# Exercise:
Pictures must not appear in the copy. Restate exactly the lines below from the one with "Wyjątkowo efektowne kolczyki" through the one with "Altogether, our results", inclusive.

# Provided data:
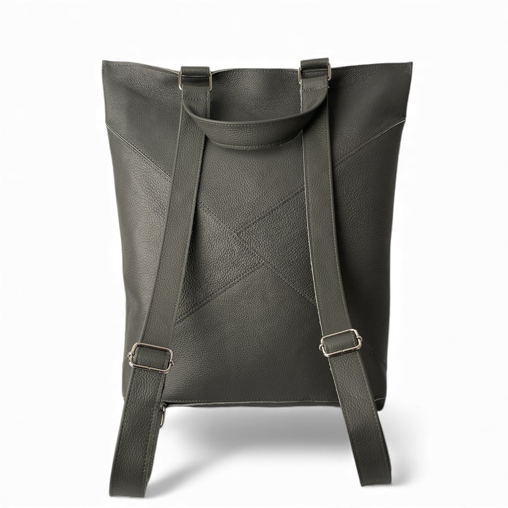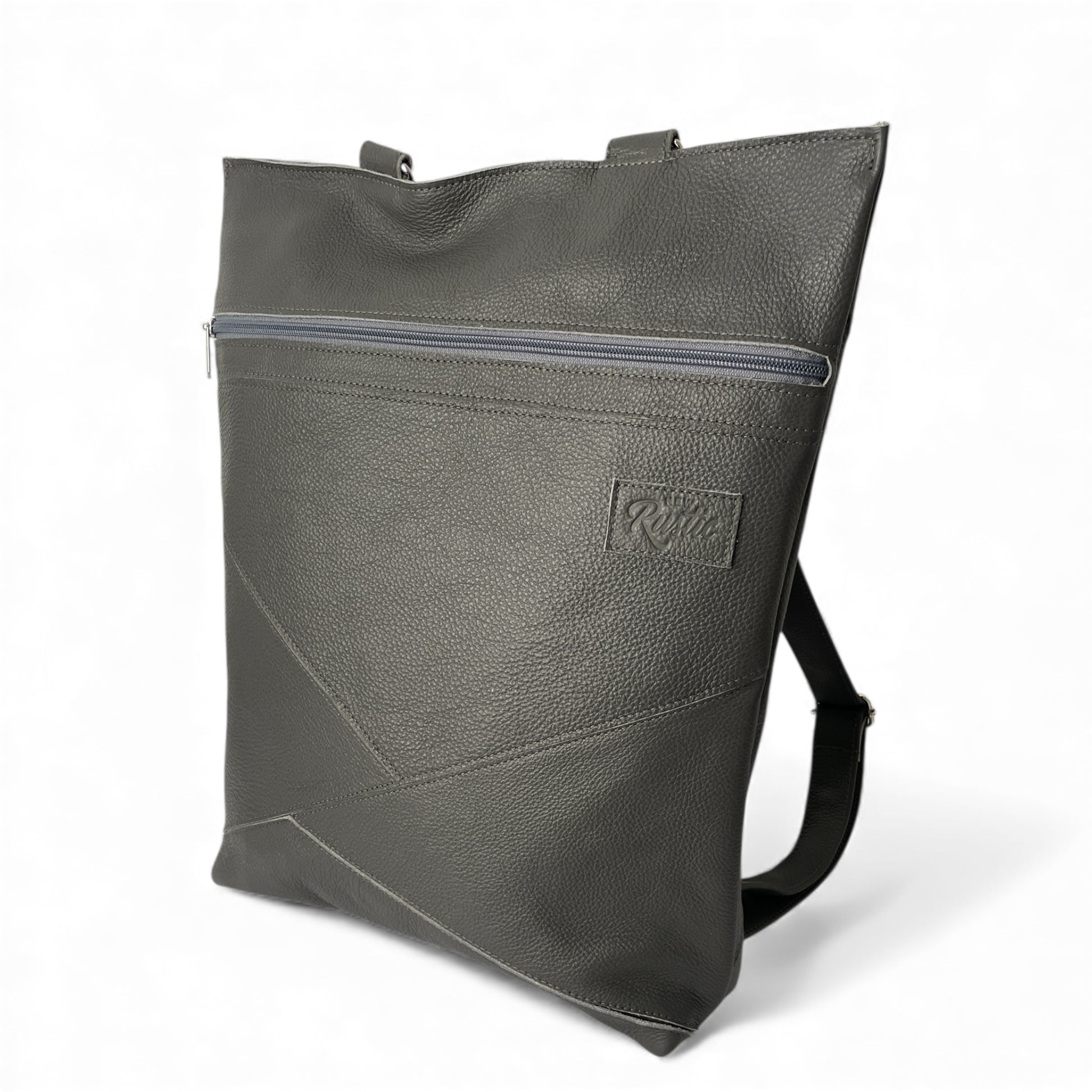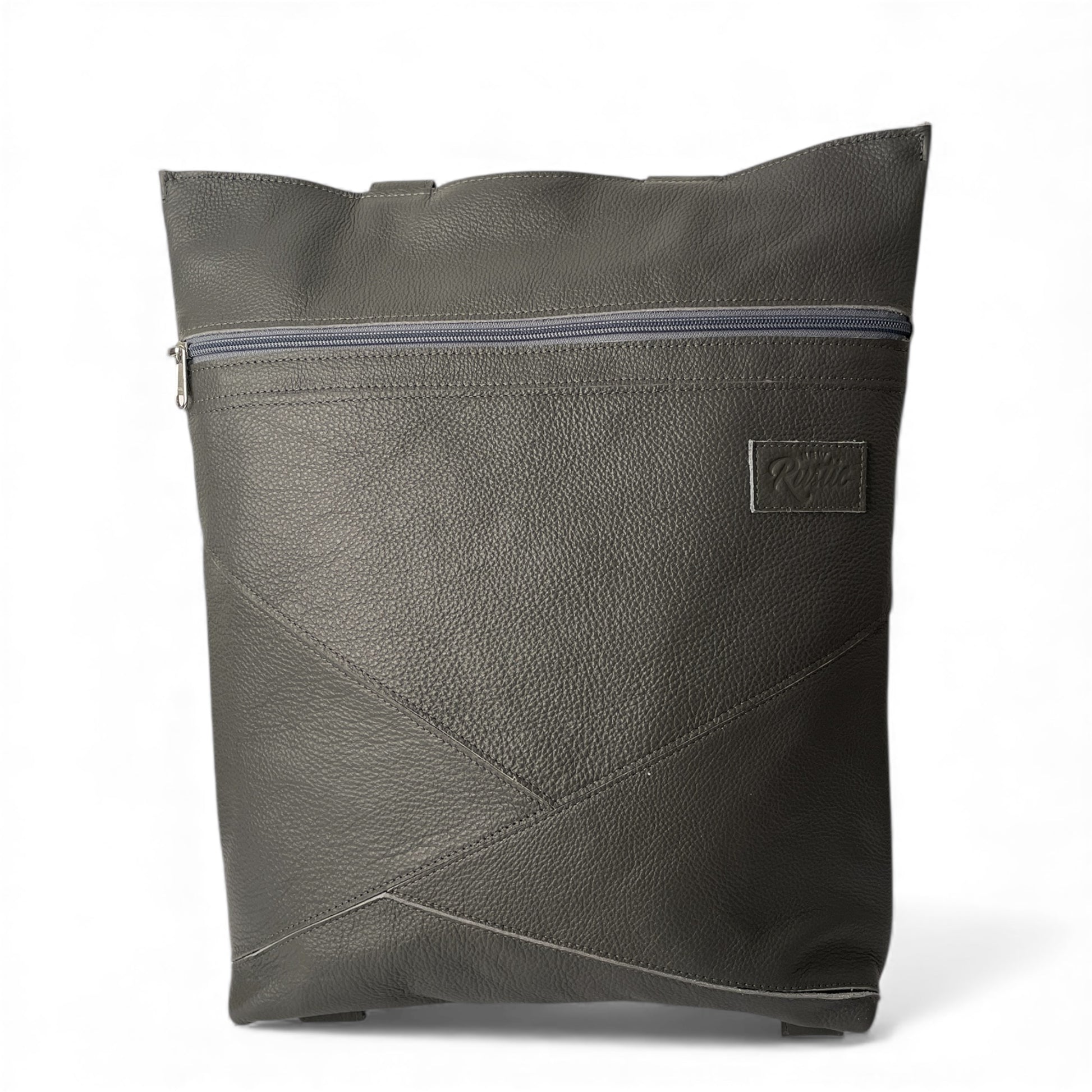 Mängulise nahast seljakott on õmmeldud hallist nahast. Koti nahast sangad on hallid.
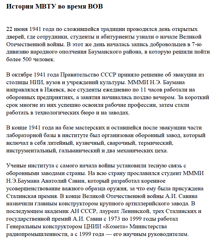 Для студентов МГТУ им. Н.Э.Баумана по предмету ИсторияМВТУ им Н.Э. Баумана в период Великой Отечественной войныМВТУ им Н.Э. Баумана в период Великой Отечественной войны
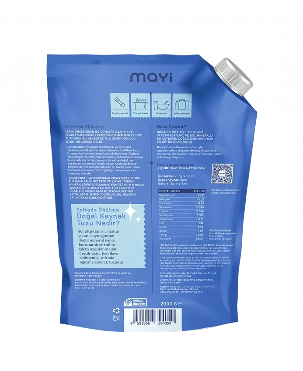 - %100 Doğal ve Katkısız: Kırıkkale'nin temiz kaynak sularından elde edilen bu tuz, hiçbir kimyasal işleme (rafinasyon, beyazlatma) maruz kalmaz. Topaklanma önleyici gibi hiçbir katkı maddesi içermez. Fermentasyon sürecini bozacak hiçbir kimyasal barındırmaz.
...
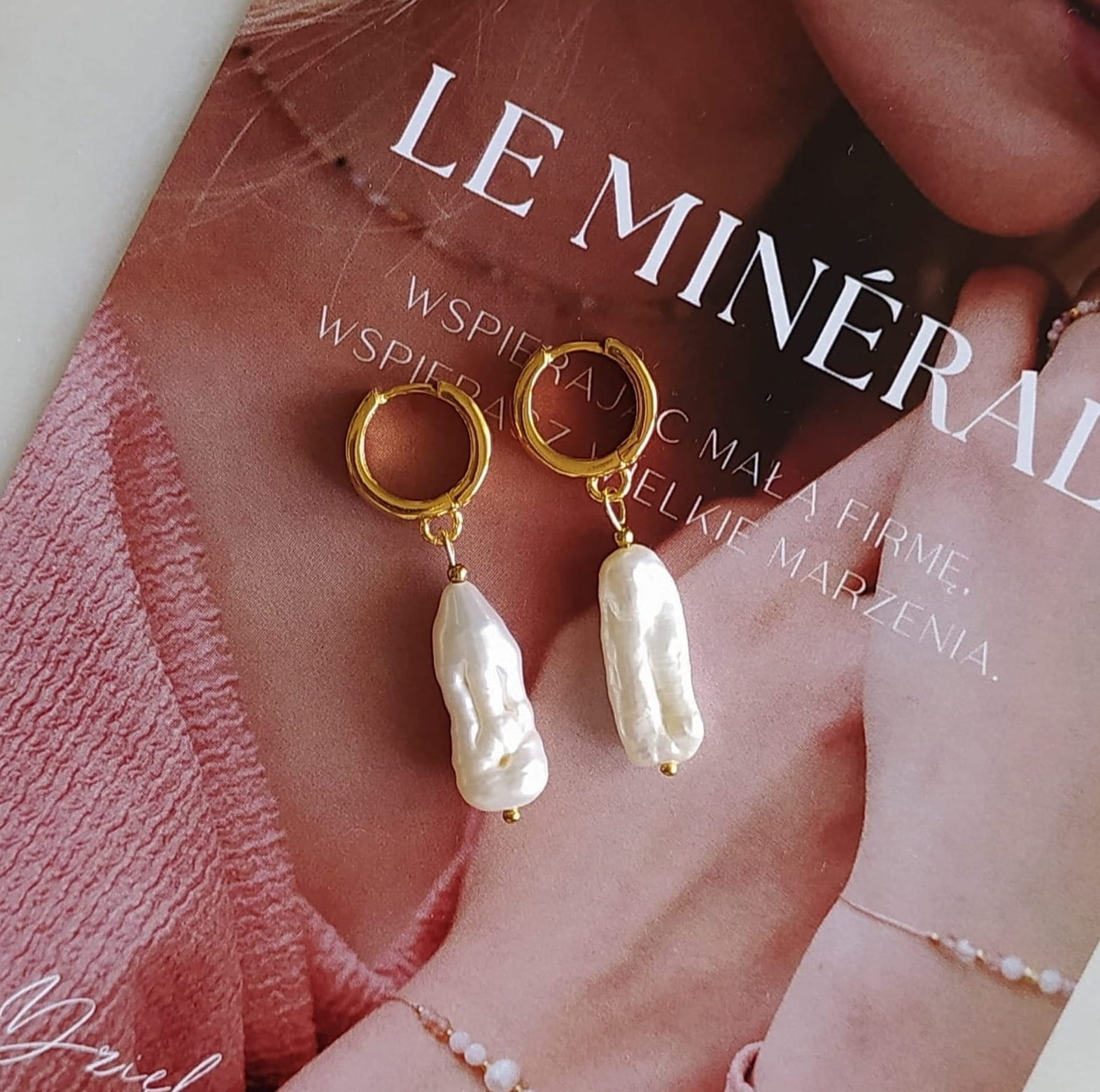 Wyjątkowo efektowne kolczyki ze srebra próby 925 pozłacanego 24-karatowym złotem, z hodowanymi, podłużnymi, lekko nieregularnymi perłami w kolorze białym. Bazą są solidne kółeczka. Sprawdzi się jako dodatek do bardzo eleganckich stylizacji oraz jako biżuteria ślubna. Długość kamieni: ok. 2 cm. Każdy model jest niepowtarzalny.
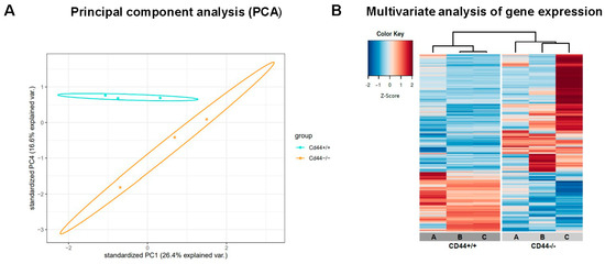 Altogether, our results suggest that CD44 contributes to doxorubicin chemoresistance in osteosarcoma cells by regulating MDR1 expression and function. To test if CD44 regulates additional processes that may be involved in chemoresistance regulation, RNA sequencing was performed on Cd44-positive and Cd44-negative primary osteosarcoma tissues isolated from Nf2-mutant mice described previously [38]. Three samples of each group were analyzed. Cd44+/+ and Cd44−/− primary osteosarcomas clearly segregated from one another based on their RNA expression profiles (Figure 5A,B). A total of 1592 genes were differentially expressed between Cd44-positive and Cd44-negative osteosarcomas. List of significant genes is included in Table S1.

# Expected answer:
 Wyjątkowo efektowne kolczyki ze srebra próby 925 pozłacanego 24-karatowym złotem, z hodowanymi, podłużnymi, lekko nieregularnymi perłami w kolorze białym. Bazą są solidne kółeczka. Sprawdzi się jako dodatek do bardzo eleganckich stylizacji oraz jako biżuteria ślubna. Długość kamieni: ok. 2 cm. Każdy model jest niepowtarzalny.
 Altogether, our results suggest that CD44 contributes to doxorubicin chemoresistance in osteosarcoma cells by regulating MDR1 expression and function. To test if CD44 regulates additional processes that may be involved in chemoresistance regulation, RNA sequencing was performed on Cd44-positive and Cd44-negative primary osteosarcoma tissues isolated from Nf2-mutant mice described previously [38]. Three samples of each group were analyzed. Cd44+/+ and Cd44−/− primary osteosarcomas clearly segregated from one another based on their RNA expression profiles (Figure 5A,B). A total of 1592 genes were differentially expressed between Cd44-positive and Cd44-negative osteosarcomas. List of significant genes is included in Table S1.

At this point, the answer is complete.